WHAT NEEDS TO BE DONE
For the data that follows, print the line with "Пшеничная лапша Somen, длинная, очень", the line with "Una vez que", and all lines between them, exactly as they stand. Omit pictures and add nothing.

TASK MATERIAL
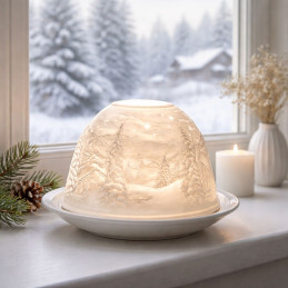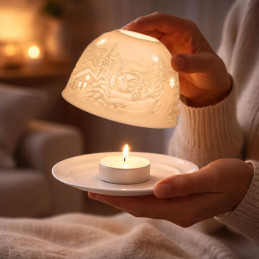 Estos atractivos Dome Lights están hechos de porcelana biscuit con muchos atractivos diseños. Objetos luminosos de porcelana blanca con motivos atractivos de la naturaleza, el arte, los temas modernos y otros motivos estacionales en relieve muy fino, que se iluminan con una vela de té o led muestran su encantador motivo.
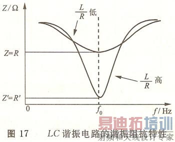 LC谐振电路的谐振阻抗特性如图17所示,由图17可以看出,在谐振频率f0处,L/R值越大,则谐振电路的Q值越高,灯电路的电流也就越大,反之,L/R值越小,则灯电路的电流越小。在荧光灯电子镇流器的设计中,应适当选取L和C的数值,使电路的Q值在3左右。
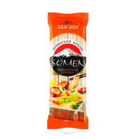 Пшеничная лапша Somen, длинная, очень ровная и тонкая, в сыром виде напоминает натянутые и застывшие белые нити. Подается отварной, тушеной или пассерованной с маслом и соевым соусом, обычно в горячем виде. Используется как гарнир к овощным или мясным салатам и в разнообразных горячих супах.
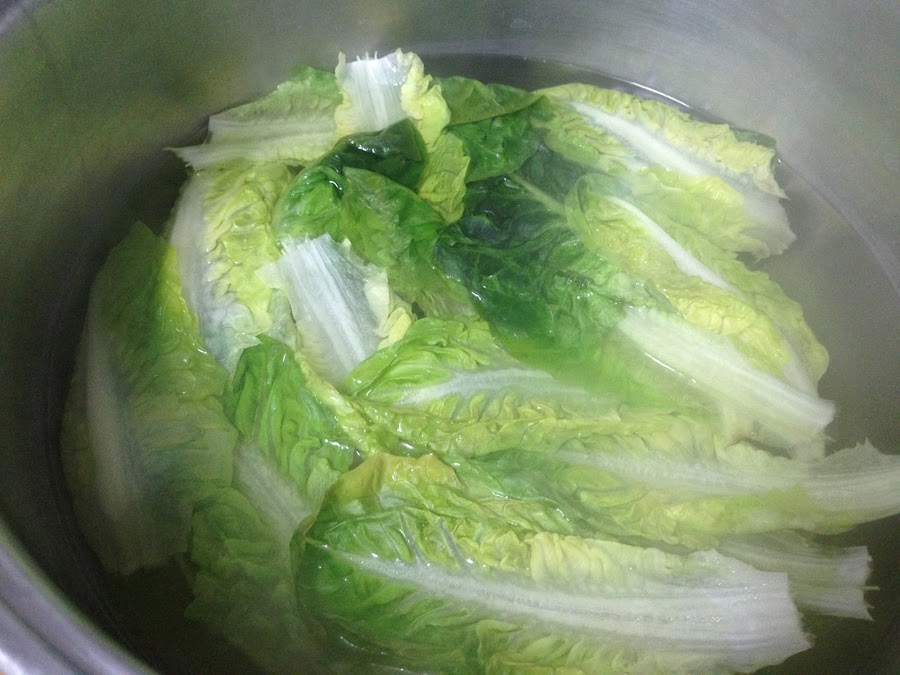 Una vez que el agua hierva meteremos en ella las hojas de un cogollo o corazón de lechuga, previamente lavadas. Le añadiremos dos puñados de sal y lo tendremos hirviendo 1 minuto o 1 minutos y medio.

--

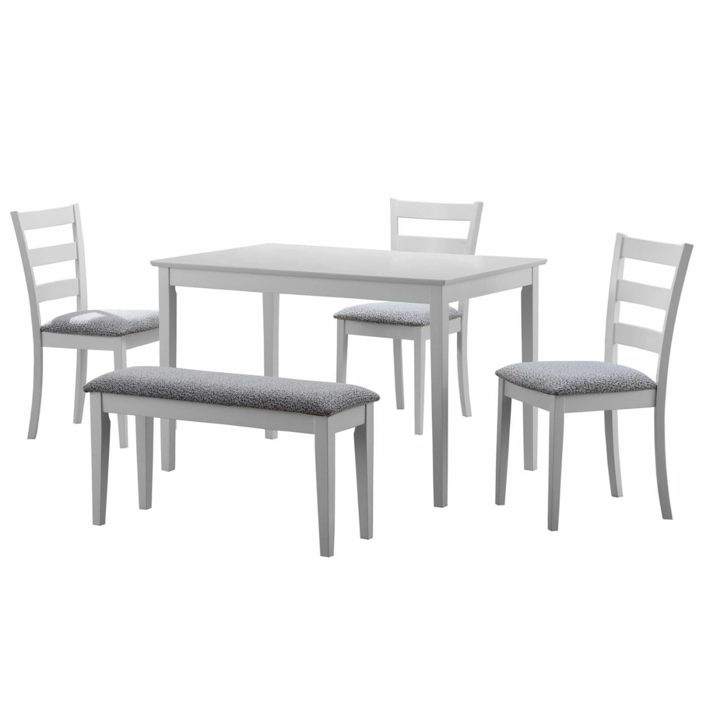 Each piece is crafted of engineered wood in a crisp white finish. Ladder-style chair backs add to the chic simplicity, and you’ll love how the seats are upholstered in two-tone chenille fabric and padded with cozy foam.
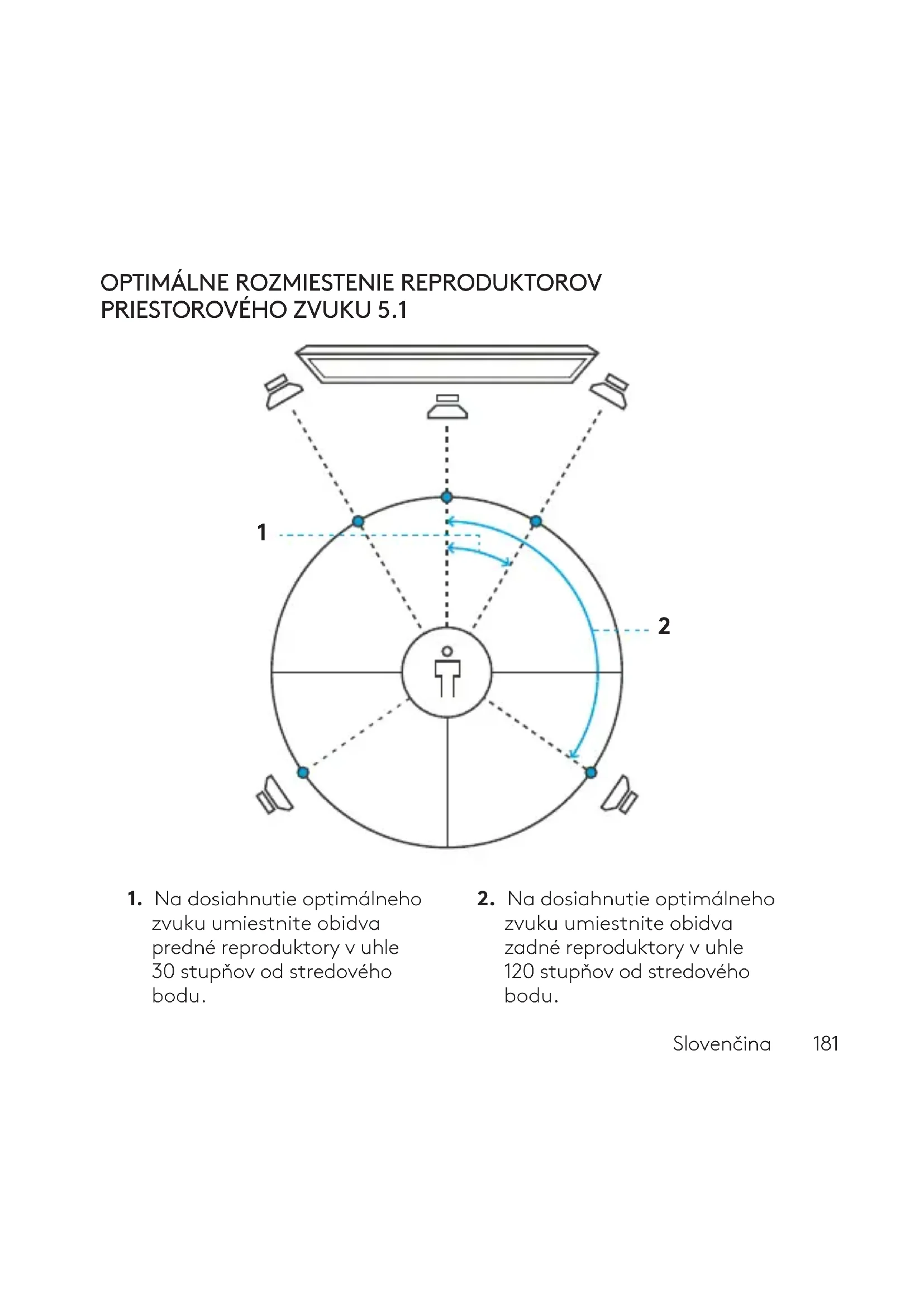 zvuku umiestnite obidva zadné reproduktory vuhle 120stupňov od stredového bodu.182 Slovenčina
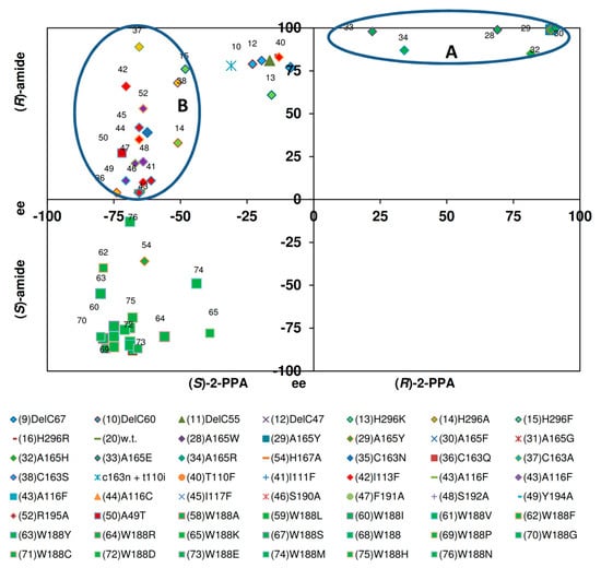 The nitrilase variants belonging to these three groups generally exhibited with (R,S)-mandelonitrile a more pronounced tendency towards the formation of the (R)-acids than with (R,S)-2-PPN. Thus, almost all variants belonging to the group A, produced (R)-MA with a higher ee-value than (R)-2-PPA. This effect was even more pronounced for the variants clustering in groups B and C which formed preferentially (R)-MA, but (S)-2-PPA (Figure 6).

* * *

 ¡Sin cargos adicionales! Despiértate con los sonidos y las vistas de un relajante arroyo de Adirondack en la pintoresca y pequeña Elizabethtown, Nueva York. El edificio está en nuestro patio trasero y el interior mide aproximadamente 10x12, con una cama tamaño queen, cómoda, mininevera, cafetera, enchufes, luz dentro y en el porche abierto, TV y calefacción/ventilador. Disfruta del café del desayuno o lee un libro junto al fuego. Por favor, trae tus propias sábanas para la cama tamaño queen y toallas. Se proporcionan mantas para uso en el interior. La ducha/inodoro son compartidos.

SOLVED PROBLEM
 Пшеничная лапша Somen, длинная, очень ровная и тонкая, в сыром виде напоминает натянутые и застывшие белые нити. Подается отварной, тушеной или пассерованной с маслом и соевым соусом, обычно в горячем виде. Используется как гарнир к овощным или мясным салатам и в разнообразных горячих супах.
 Una vez que el agua hierva meteremos en ella las hojas de un cogollo o corazón de lechuga, previamente lavadas. Le añadiremos dos puñados de sal y lo tendremos hirviendo 1 minuto o 1 minutos y medio.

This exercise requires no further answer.